Data excerpt —

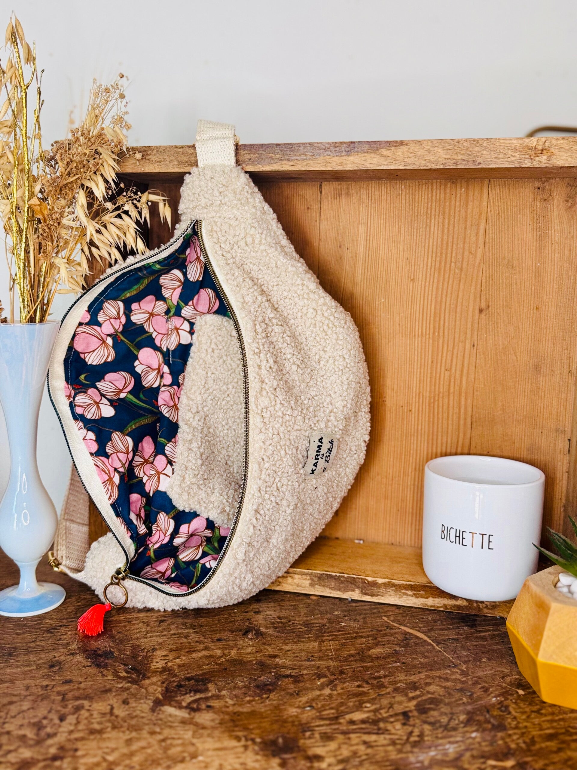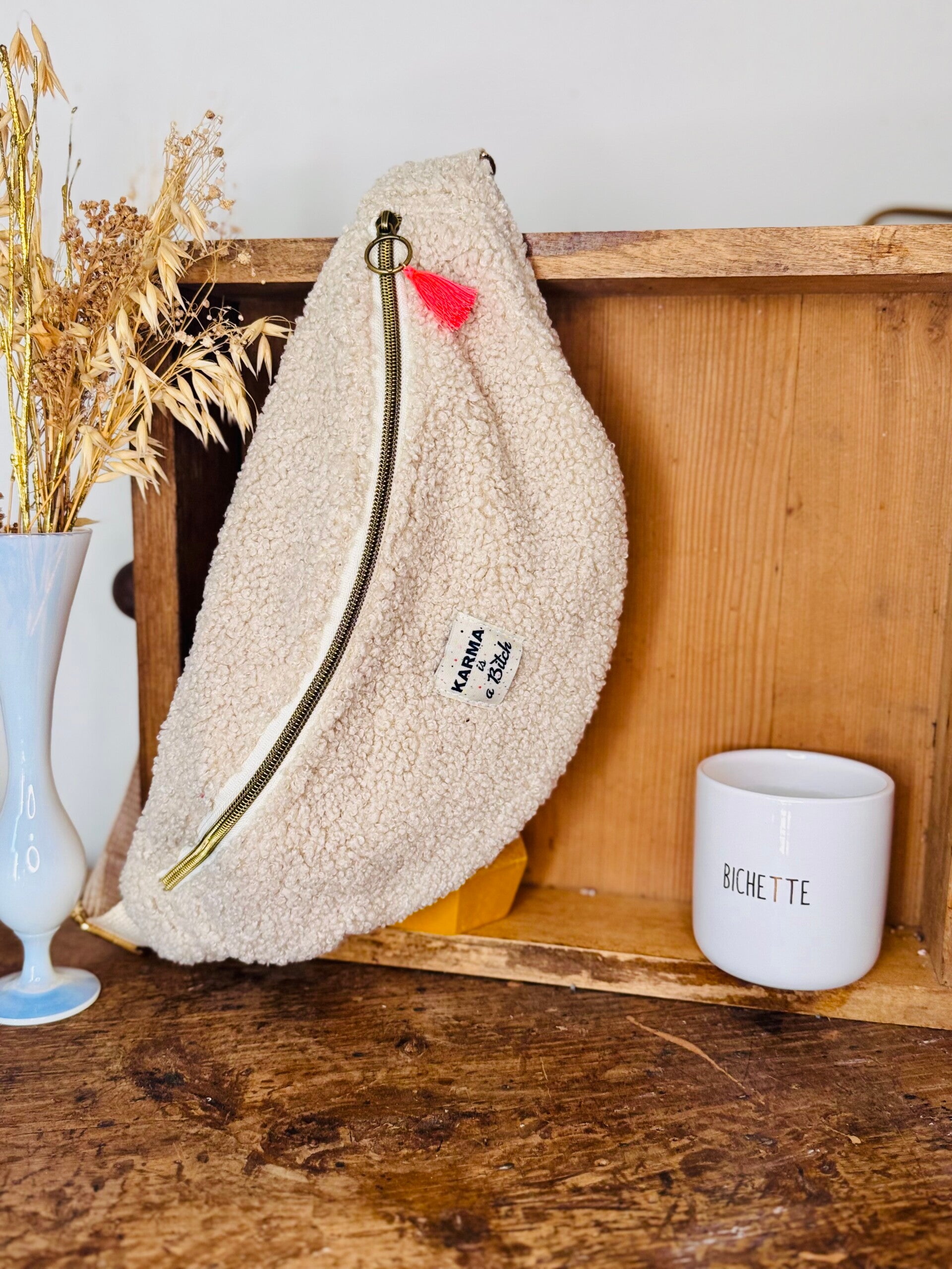 Grand sac banane fait main en moumoute bleige avec son étiquette "Karma is a Bitch"
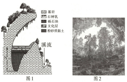 (2024·广东卷)发育于云南省临沧市某处半山腰的硝洞是一个石灰岩溶洞,洞内有较厚的夹杂石灰岩砾石块的粉砂质黏土沉积物,其表层有约2 m厚的文化层(含有古人类活动遗留物的沉积层)。图1为硝洞剖面示意图,图2为自洞内望向洞口方向的景观照片。据此完成3~4题。
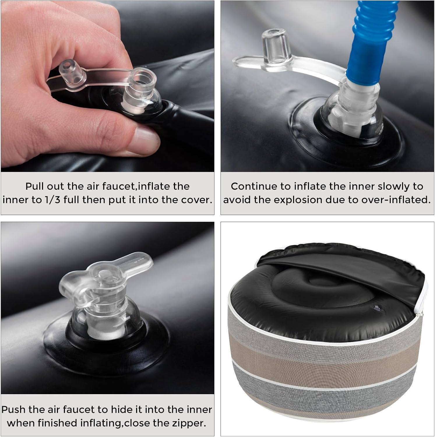 - ăDurable Outdoor Materială-Inflatable ottoman cover made from durable, waterproof material that can withstand exposure to all weather. Fade-Resistant keep its original color and pattern even if exposed to the direct sunlight for over 500 hours. The black inner made of waterproof thick PVC fabric that can bear up 300 lbs.Very easy to clean and maintain.
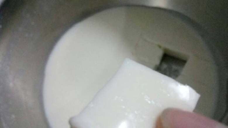 4. 将椰浆,牛奶,糖倒入器皿中搅拌均匀!

Task brief —
Transcribe, word for word, only the material from its opening line through the line containing "(2024·广东卷)发育于云", both ends included, and omit the pictures.

Exercise solution —
 Grand sac banane fait main en moumoute bleige avec son étiquette "Karma is a Bitch"
 (2024·广东卷)发育于云南省临沧市某处半山腰的硝洞是一个石灰岩溶洞,洞内有较厚的夹杂石灰岩砾石块的粉砂质黏土沉积物,其表层有约2 m厚的文化层(含有古人类活动遗留物的沉积层)。图1为硝洞剖面示意图,图2为自洞内望向洞口方向的景观照片。据此完成3~4题。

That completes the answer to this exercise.